One area of psychotherapy that confuses and even upsets clients is its one-sided nature. Clients share their problems, therapists do not. Some clients wonder how therapy can be a real relationship if the information doesn't flow both ways. They may wonder if their therapist has experienced their same problem, or wonder what therapists do to cope with their own life issues. Or, perhaps the one-sided nature of therapy promotes a fantasy that therapists have no problems - that they are immune to the tragedies, misfortunes or bad moods suffered by the rest of the populace. Not true.

Therapists lose loved ones, have bad days and get evacuated from their homes just like everyone else. They cry, get angry, say stupid things and get grumpy. But they don't often bring this into the therapy session for a few reasons:

1. It's your time: Therapy is a place where clients should feel like their issues are the purpose and focus of the hour. Relationships with friends and family are more reciprocal - you help me with my problem and I'll help you with yours. In therapy, the only person you need to take care of is yourself. For many, this is the best part of therapy.

2. It's not the therapist's time: Therapists are compensated through fees and the satisfaction of a job well done, not through a two-way sharing of problems. I believe therapists should have their own therapy, supervision and/or consultation group to make sure they are not imposing their needs or issues onto their clients. These resources help therapists know what their issues are; the ones that could cause them to react out of a selfish need rather than in their client's best interest. And therapists should have their own support through friends or family so they don't find themselves looking to their clients.

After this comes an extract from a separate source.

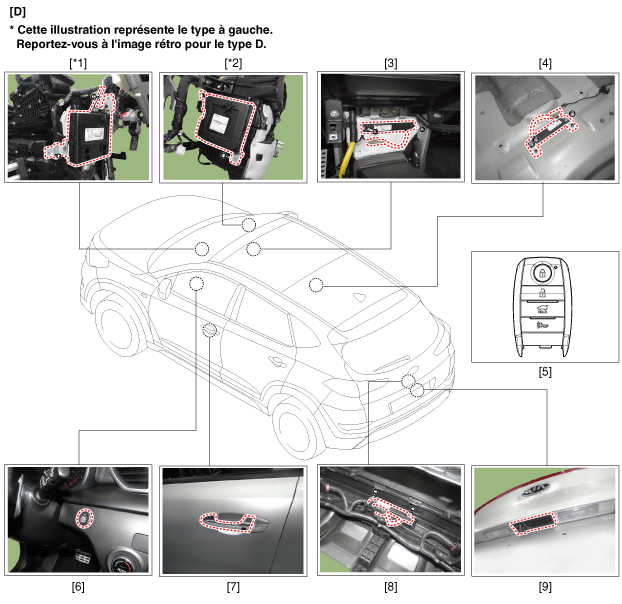6. Bouton Marche/Arrêt (SSB) 7. Poignée de porte et antenne de porte 8. Antenne du pare-chocs 9. Commutateur du couvercle du hayon |

3. Transference: Freud proposed (and many contemporary therapists maintain) the idea of a blank screen: the fewer personal details of the therapist known by the client, the more the client will project their needs and motives onto her. For example, a client is ambivalent about his girlfriend and the therapist hasn't shared her opinion. The client says "you want me to break up with her, don't you?" Why the client would assume this is rich material to explore.

Therapy is a real relationship, one that is based on care for the client. If our own life circumstances make it too difficult to maintain focus with our clients, we shouldn't come to work. If a client's particular issues push our own buttons in a way that could cause us to lose our objectivity, we should refer them to another therapist who will better serve them.

In my own case, I'm safe and optimistic that the brave firefighters will have this blaze under control soon. If this hardship or any other makes it difficult to do my job, I'll postpone sessions out of respect for my clients and my own needs. Some of my clients know I live in the fire zone, and if asked I'll let them know I appreciate their concern and that I'm safe and sound. And then it's back to our common purpose - helping them gain understanding and control in their life.